Goal of the exercise → What are the lines below, starting at the line containing "Свеклу, капусту, сельдерей" and ending at the line containing "GrootMade is NOT"? Write them out exactly, ends included, without pictures.

--- Available records ---

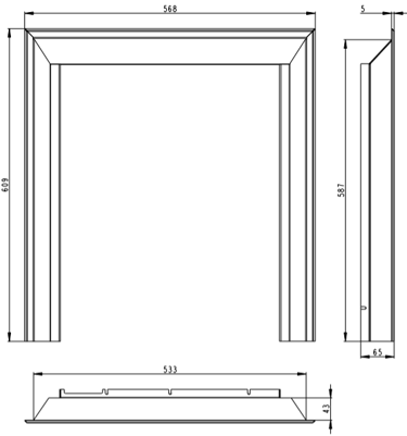 Apdailos rėmas, 3jų pusių, židiniui D2L, DB2L, 60 mm. Prekės kodas: Z9ROM-D2LRAM03
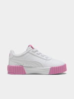 The Toddlers’ Puma Carina 3.0 AC in White/Pink is a sweet, California-inspired update to a fan-favorite silhouette, perfectly scaled down for little feet. This "3.0" edition stays true to its 80s beach-style roots with a crisp white synthetic leather upper, elevated by a soft Candy Pink Puma Formstrip and branding. Designed for ultimate convenience, the "AC" (Alternative Closure) system features elasticated "bungee" laces paired with a sturdy hook-and-loop top strap, allowing parents to get their toddlers ready in record time. With its slightly thickened "platform-look" sole and signature SoftFoam+ sockliner, these sneakers provide a trendy, cushioned foundation for every playground adventure.
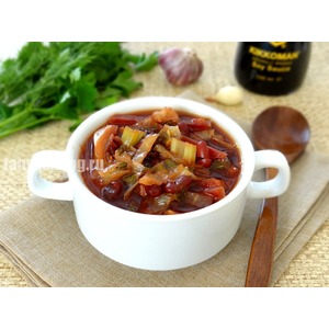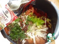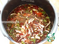 Свеклу, капусту, сельдерей нарезать крупной соломкой, помидор - полукругами; В чашу добавить остальную воду, выложить овощи, специи, шинкованную зелень. Добавить соевый соус и масло |
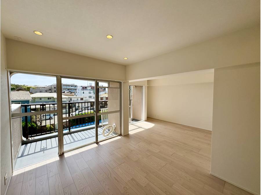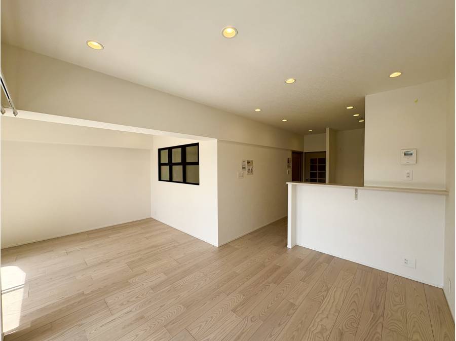 室内はフルリノベーション済みで、約15.8帖のLDKにはBluetoothスピーカー内蔵のダウンライトを設置。お気に入りの音楽を楽しみながら、ゆったりとしたひと時をお過ごしいただけます。
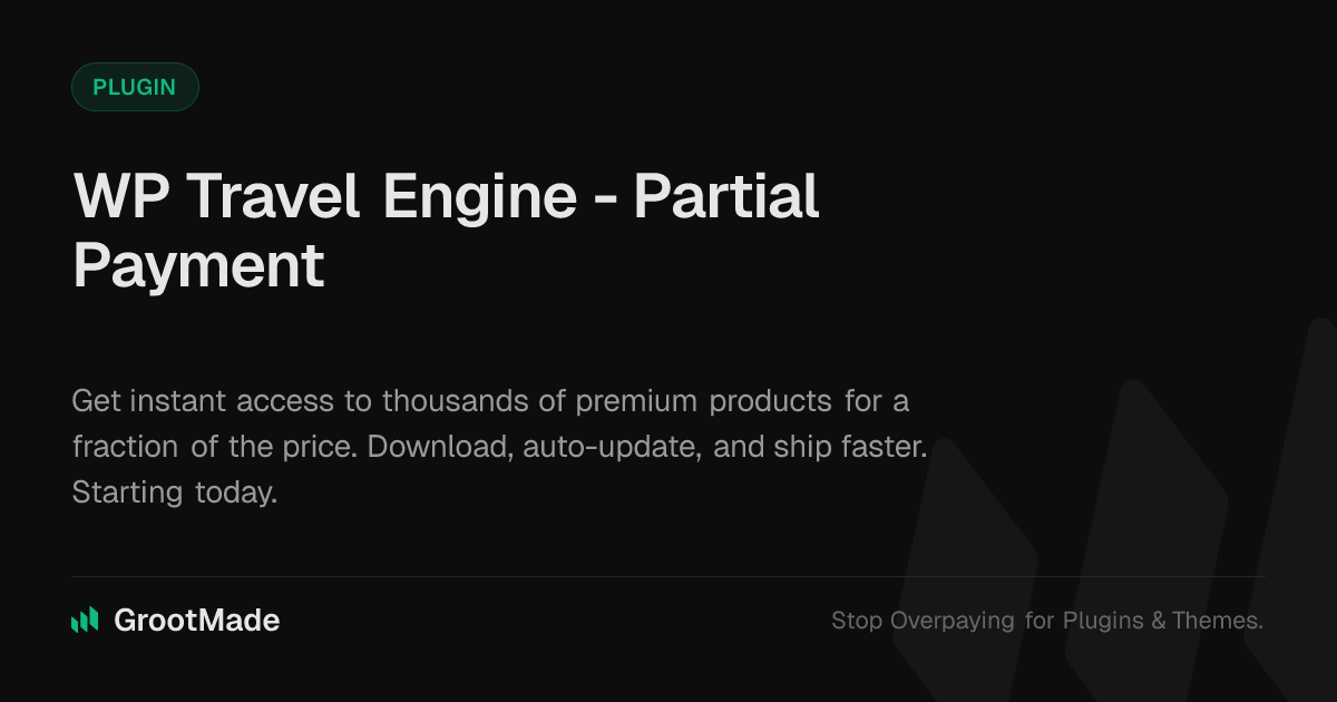GrootMade is NOT affiliated with WP Travel Engine - Partial Payment or its original author. WP Travel Engine - Partial Payment™ is a trademark of its respective owner and use of it does not imply any endorsement or affiliation. This product has been forked under the GNU General Public License (GPL) and all non-GPL assets (such as proprietary images, fonts, and branding) have been removed. Distributing GPL-licensed code is 100% legal.
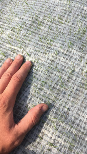 Например, очень интересная технология, – тент, покрывающий траву, со встроенными лампами. В нем находятся форсунки, распыляющие жидкость и увлажняющие растения. К тенту подведен газ СО2, который стимулирует их рост и развитие, что способствует быстрому восстановлению газона после мероприятий.
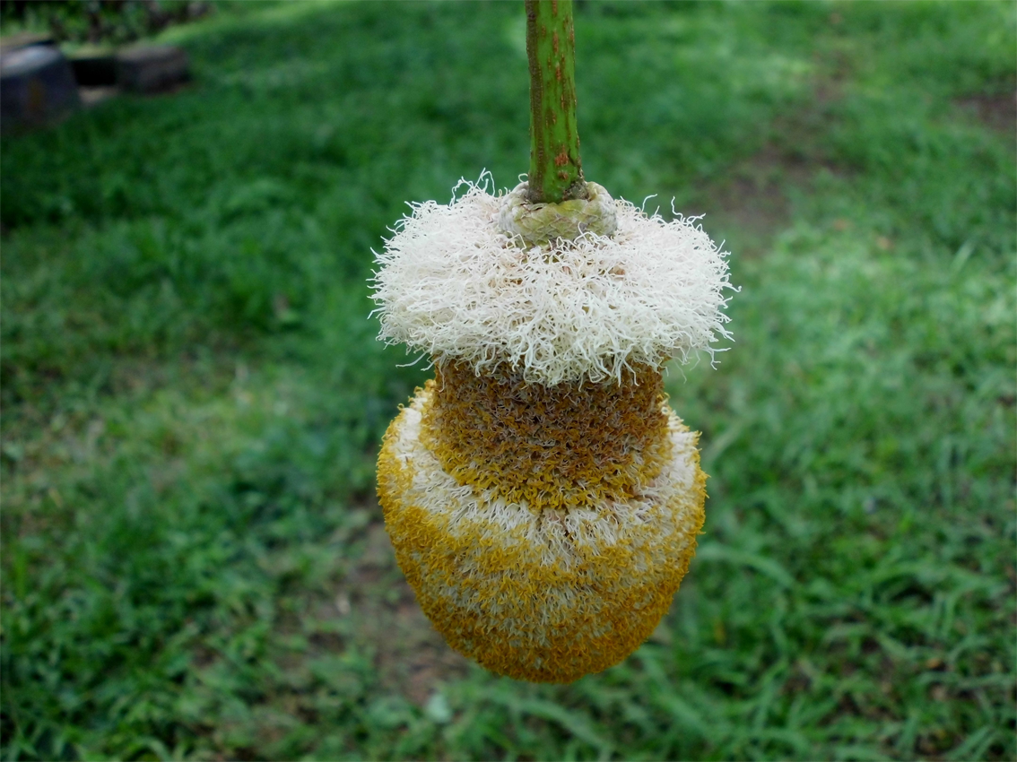 | Flower | Pear-shaped pendulous head, 2-5 cm in diameter; peduncle 20-45 cm long; flowers small and numerous, brown-yellow, male or asexual at the base of the head, bisexual at the apex of the head; calyx and corolla tubular, 5-lobed; stamens (staminodes) 10, filaments at base united into a tube; ovary stipitate |

---

Output →
 Свеклу, капусту, сельдерей нарезать крупной соломкой, помидор - полукругами; В чашу добавить остальную воду, выложить овощи, специи, шинкованную зелень. Добавить соевый соус и масло |
 室内はフルリノベーション済みで、約15.8帖のLDKにはBluetoothスピーカー内蔵のダウンライトを設置。お気に入りの音楽を楽しみながら、ゆったりとしたひと時をお過ごしいただけます。
GrootMade is NOT affiliated with WP Travel Engine - Partial Payment or its original author. WP Travel Engine - Partial Payment™ is a trademark of its respective owner and use of it does not imply any endorsement or affiliation. This product has been forked under the GNU General Public License (GPL) and all non-GPL assets (such as proprietary images, fonts, and branding) have been removed. Distributing GPL-licensed code is 100% legal.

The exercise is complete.